WORK INSTRUCTION —
Your answer must be an exact copy of the listing that follows, with all pictures omitted.

GIVEN MATERIAL —
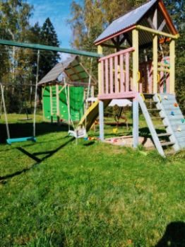 Большой участок, детская игровая площадка, мангал.
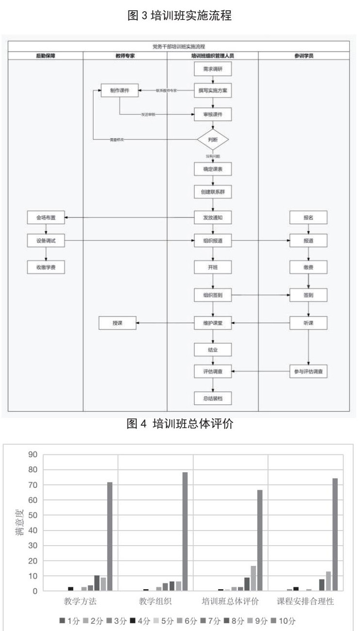 培训班加强了培训全流程精细化管理,精化每一个管理工作环节,畜力提升组织管理人员的责任意识、细节意识、规范意识和服务意识[7]。培训班经过了前期的需求调研、撰写实施方案和确定课程,最终如期开班,期间班主任即培训班组织管理人员维护课堂正常进行,最后结业进行了评估调查。具体过程如图3:
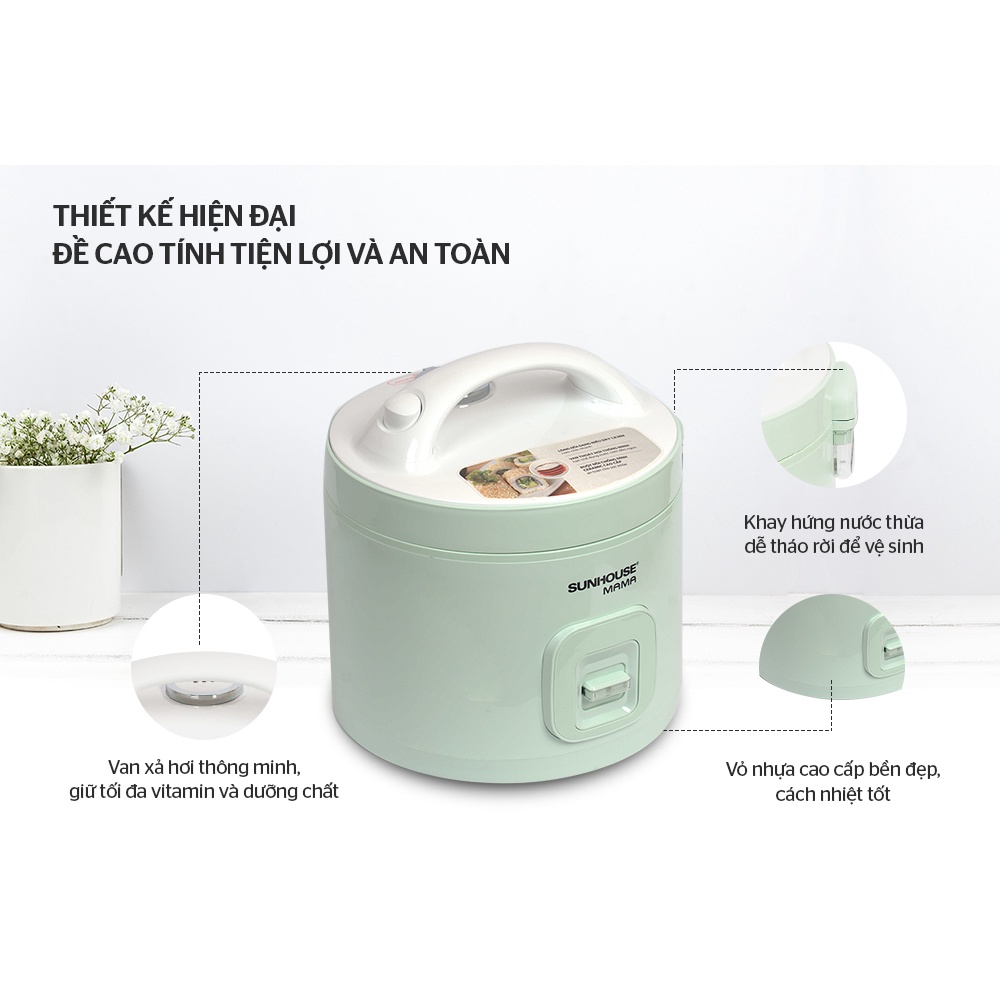 [Mã ELHADEV giảm 4% đơn 300K] Nồi cơm điện 1.8L Sunhouse Mama SHD8665B - Công suất 900W, bảo hành 24 tháng

ANSWER TO THE EXERCISE —
 Большой участок, детская игровая площадка, мангал.
 培训班加强了培训全流程精细化管理,精化每一个管理工作环节,畜力提升组织管理人员的责任意识、细节意识、规范意识和服务意识[7]。培训班经过了前期的需求调研、撰写实施方案和确定课程,最终如期开班,期间班主任即培训班组织管理人员维护课堂正常进行,最后结业进行了评估调查。具体过程如图3:
 [Mã ELHADEV giảm 4% đơn 300K] Nồi cơm điện 1.8L Sunhouse Mama SHD8665B - Công suất 900W, bảo hành 24 tháng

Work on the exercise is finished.